Memories of yesterday flooded through her like an injection of poison. George. Kathy. The storm. Cognac.
“Ohhh,” she groaned, and curled into a fetal ball. George had cheated on her. With Kathy.
The bed creaked and sank beneath a weight greater than her own. A hand gently grasped her wrist and pulled her arm away from her face. Ben’s jaw appeared, bristly with golden stubble, his hair tousled from sleep.
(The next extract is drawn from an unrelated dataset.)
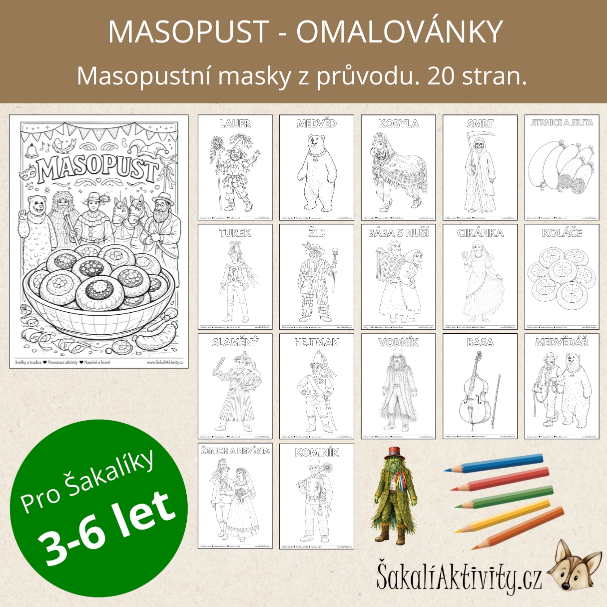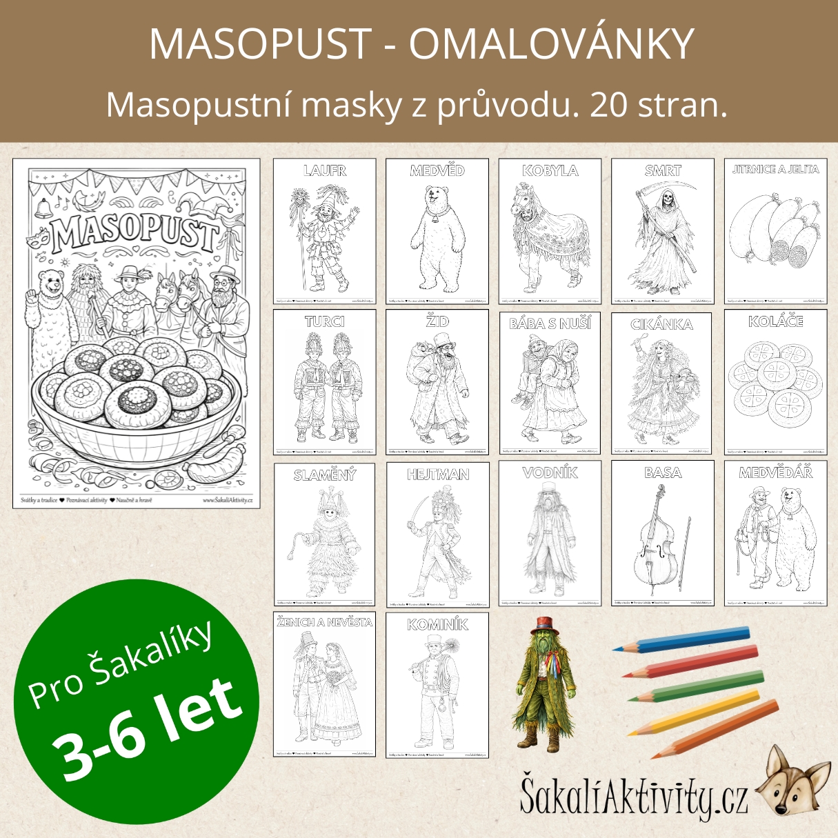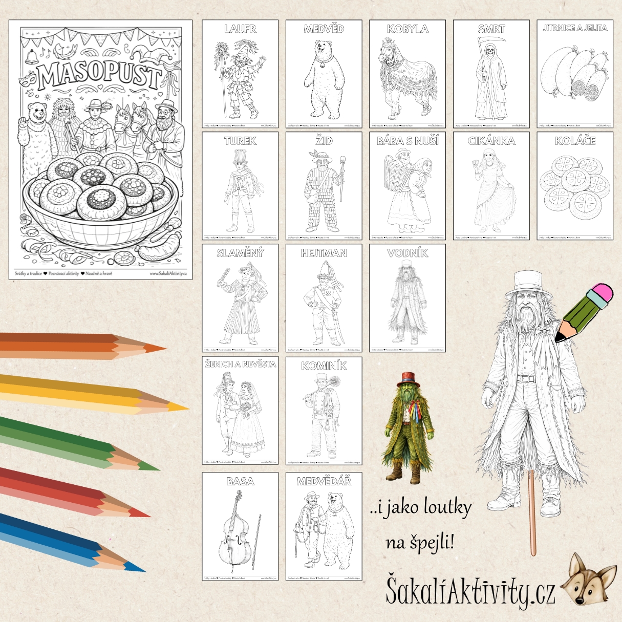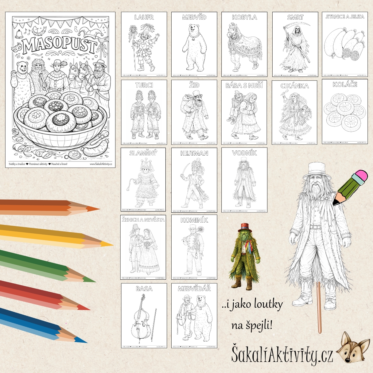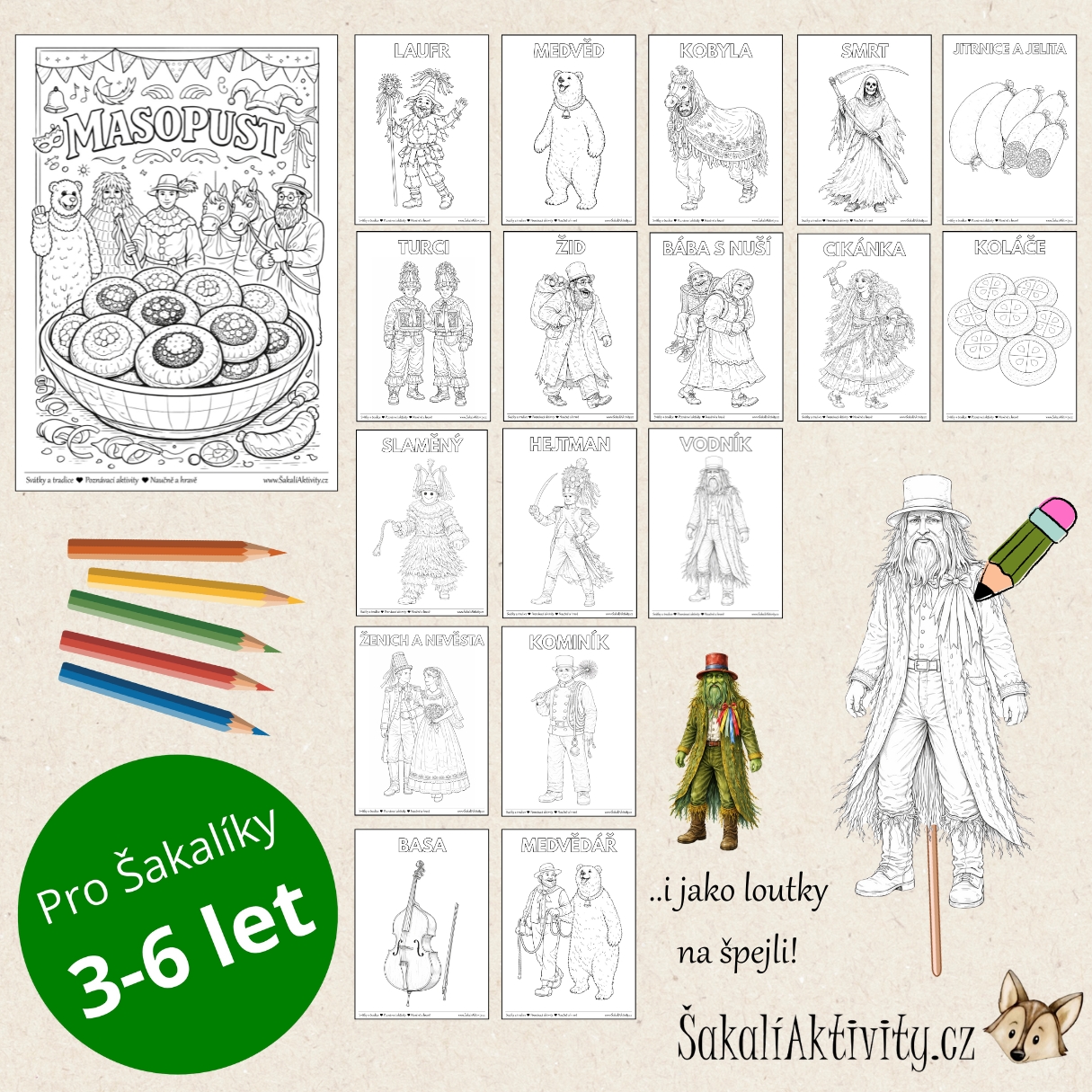 Součástí souboru je také omalovánkový plakát ve formátu A4 a motivy typických masopustních dobrot – koláče, jitrnice a jelita. Jednotlivé postavy lze po vybarvení vystřihnout a využít jako figurky nebo loutky k dalším hrám, dramatizaci nebo tematickým aktivitám.

“Drink this,” he said, propping up her pillow. “You’ll feel better.”
She pushed back the rumpled chocolate-and-cream-colored duvet and sat up. Then she saw the source of the pinging; leaks from the roof were dripping into pots at various locations around the room. Talk about Chinese water torture. Her right shoulder was damp where she’d been dripped on in bed.
“Is the storm over?” she asked, accepting the glass of water with shaking hands.